I thought i'd start a thread about Guilermo Del Tor's new Pacific Rim due out next year. It looks like it could be fun. 

Here's a link to the trailer.


----------



## Foxbat (Dec 14, 2012)

Looks like Power Rangers for grown ups


----------



## Dave (Dec 14, 2012)

I'm a bit tired of alien invasion films unless they have some twist, but I'm sure the next world war will be fought in those "soldier boy" suits.

From the title alone it sounded like a new disaster film about volcanoes. I've even more tired of those. How long before a Comet ISON (C/2012 S1) film?


----------



## Connavar (Dec 14, 2012)

Dave said:


> I'm a bit tired of alien invasion films unless they have some twist, but I'm sure the next world war will be fought in those "soldier boy" suits.
> 
> From the title alone it sounded like a new disaster film about volcanoes. I've even more tired of those.

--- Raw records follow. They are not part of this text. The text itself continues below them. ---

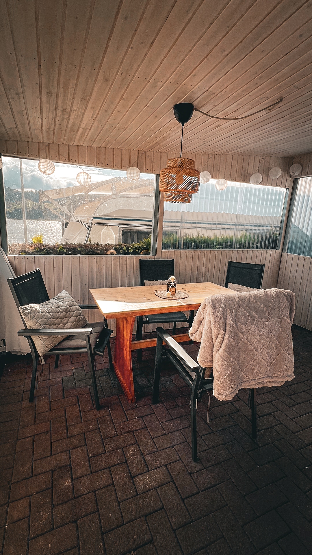 - Eetgelegenheid met tafel en stoelen in de aanbouw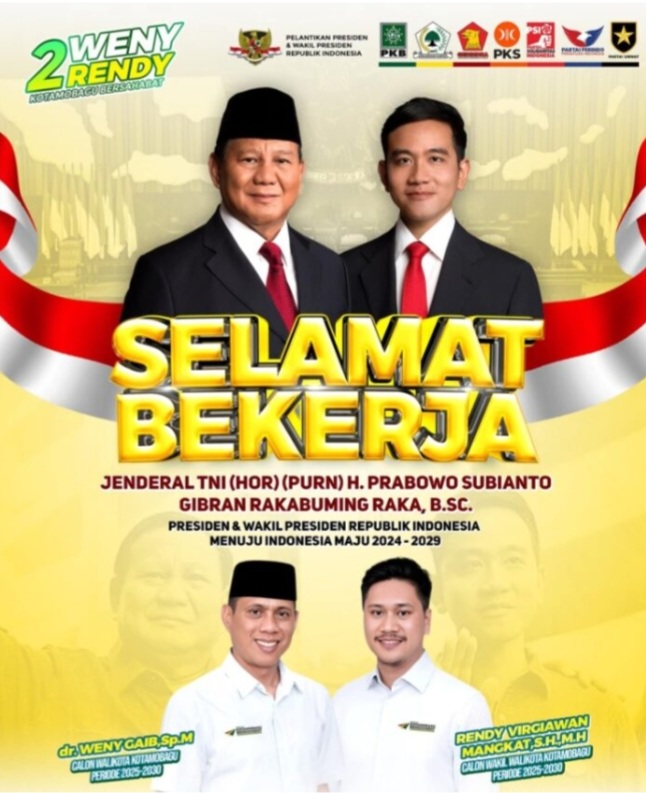 Kotamobagu,Globalberita.com-Sejak di Lantiknya Presiden RI, Pasangan Calon Wali Kota dan Wakil Wali Kota Kotamobagu Nomor Urut 2, Dokter Weny Gaib dan Rendy Mangkat, yang dikenal dengan sebutan “The Winner,” secara resmi mengucapkan selamat atas pelantikan Presiden dan Wakil Presiden Republik Indonesia, Prabowo Subianto dan Gibran Rakabuming Raka, yang berlangsung pada 20 Oktober 2024.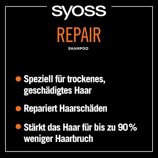 - Syoss Repair Shampoo - The Syoss Repair Shampoo is suitable for damaged and dry hair and prevents future hair damage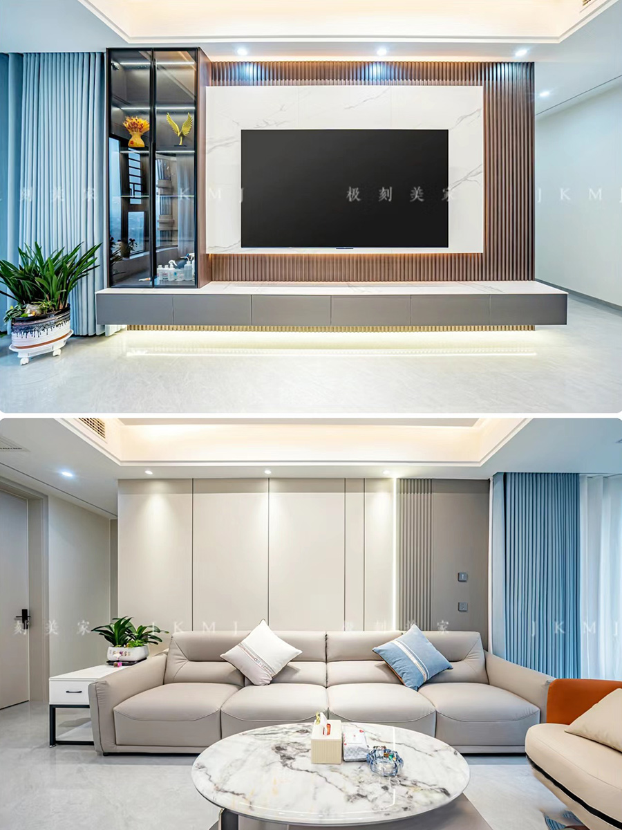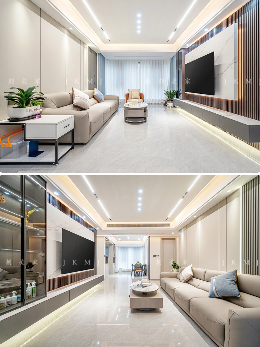 懸浮電視背景墻搭配L型收納柜,顏值與收納并存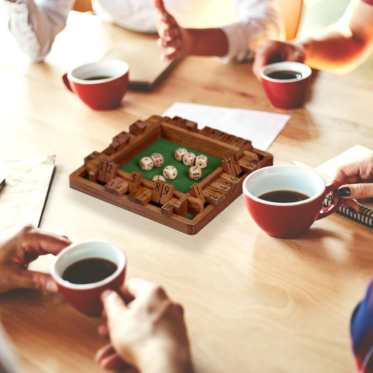 Der absolute Spieleklassiker für die ganze Familie! Shut The Box macht nicht nur riesen Spaß, sondern trainiert auch noch Mathe-Fähigkeiten - und das ganz nebenbei! Aus natürlichem Holz mit schwarzer Filz-Oberfläche, Maße 22x22x3cm. Für 2-4 Spieler ab 3 Jahren (Achtung: Kleinteile, nicht unter 36 Monaten!). Einfach würfeln und die entsprechenden Klappen schließen - wer zuerst alle Klappen zu hat, gewinnt! Perfekt für Spieleabende, Partys oder einfach so zwischendurch. Fördert spielerisch Addition und Subtraktion - ideal also für Kinder im Grundschulalter. Aber auch Erwachsene haben ihren Spaß dabei! Kommt mit 8 Würfeln - alles was du brauchst also. Deutsche Relaxdays Qualität - darauf kannst du dich verlassen! Macht süchtig und ist immer wieder gut für unterhaltsame Stunden mit Familie und Freunden!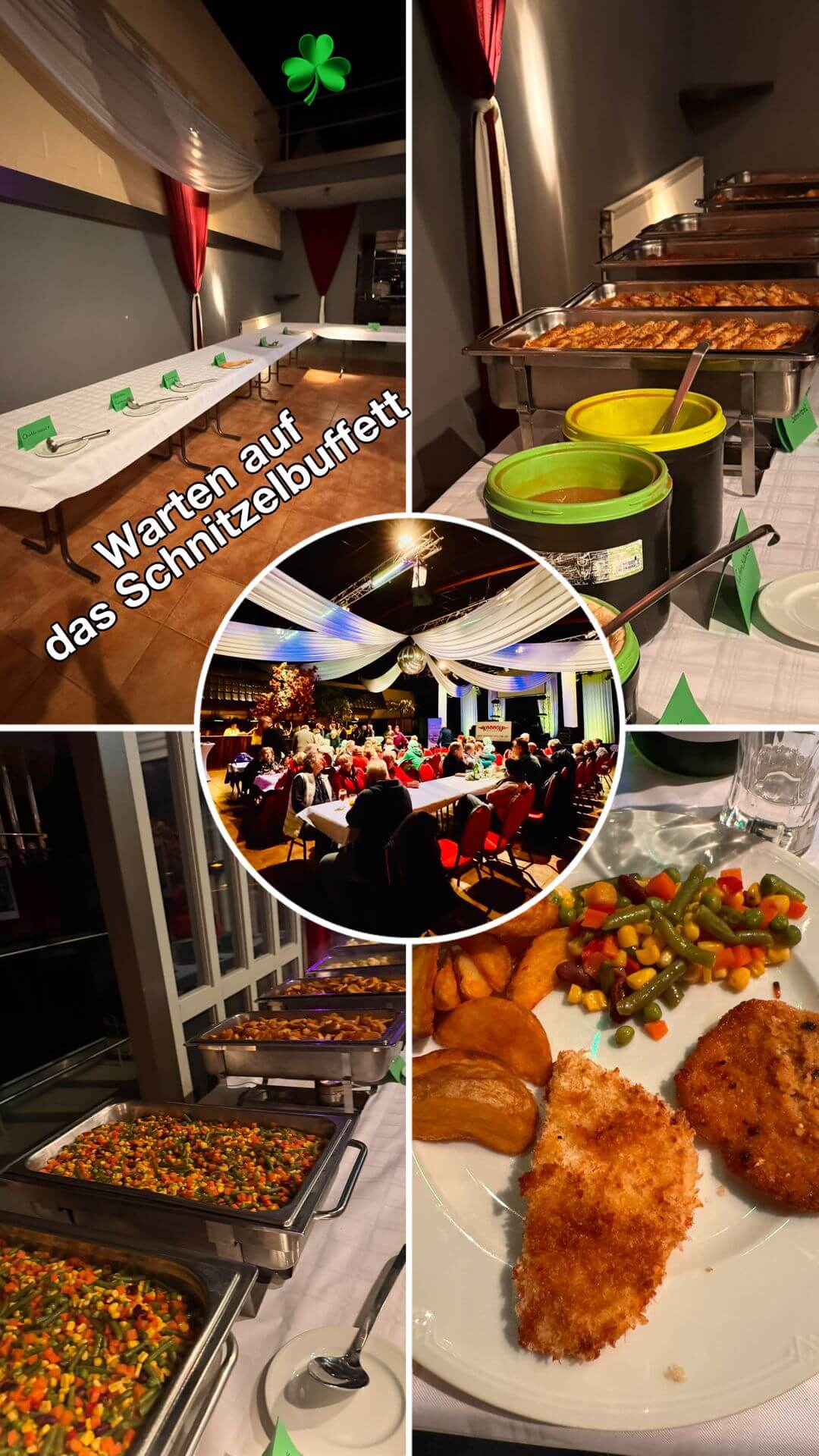 Um 18:00 Uhr ging es ein paar Meter weiter in die Eventhalle zum Schnitzelessen. Ein reichhaltiges Buffet wartete auf uns, begleitet von der notwendigen flüssigen Unterstützung. Ich würde sagen: Wir wurden satt. Sehr satt. Also so satt, dass man sich beim Rückweg zum Wohnmobil fast rollen konnte.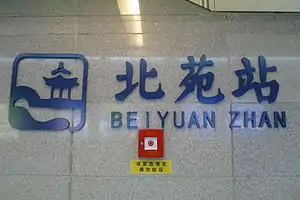 Beiyuan station (Chinese: 北苑站), is a station of Line 2 of the Xi'an Metro. It started operations on 16 September 2011.[1]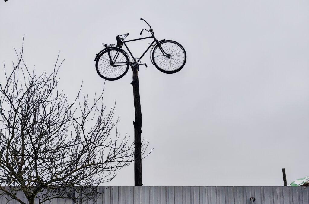 Кстати, тот велосипед сейчас занимает самое видное место в агроусадьбе. Михаил смастерил для него высокий столб, и ровер словно парит над «Хозяюшкой».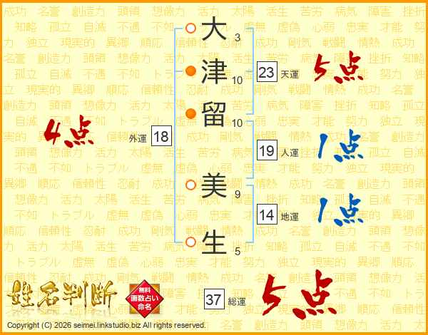 大(3画)津(10画)留(10画) 美(9画)生(5画)
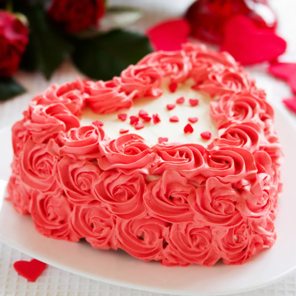 It is a heart shaped strawberry flavored cake covered with white cream and again decorated with red cream flowers.

How long before a Comet ISON (C/2012 S1) film?



Maybe you should know who made this film first.  Hardly Transformer type director hack.   Guillermo Del Toro is known for films like Pan's Labrynth, Hellboy, Blade 2.  I doubt he will make a boring alien film.

Plus its Idriss Alba in his first lead role in blockbuster type film.  Fav actor and visually stunning,creative director.


----------



## Foxbat (Dec 14, 2012)

As much as I rate Del Toro highly as a director, he's not immune to making tripe. 

_Exhibit A:_ *Mimic*....simply not a good movie.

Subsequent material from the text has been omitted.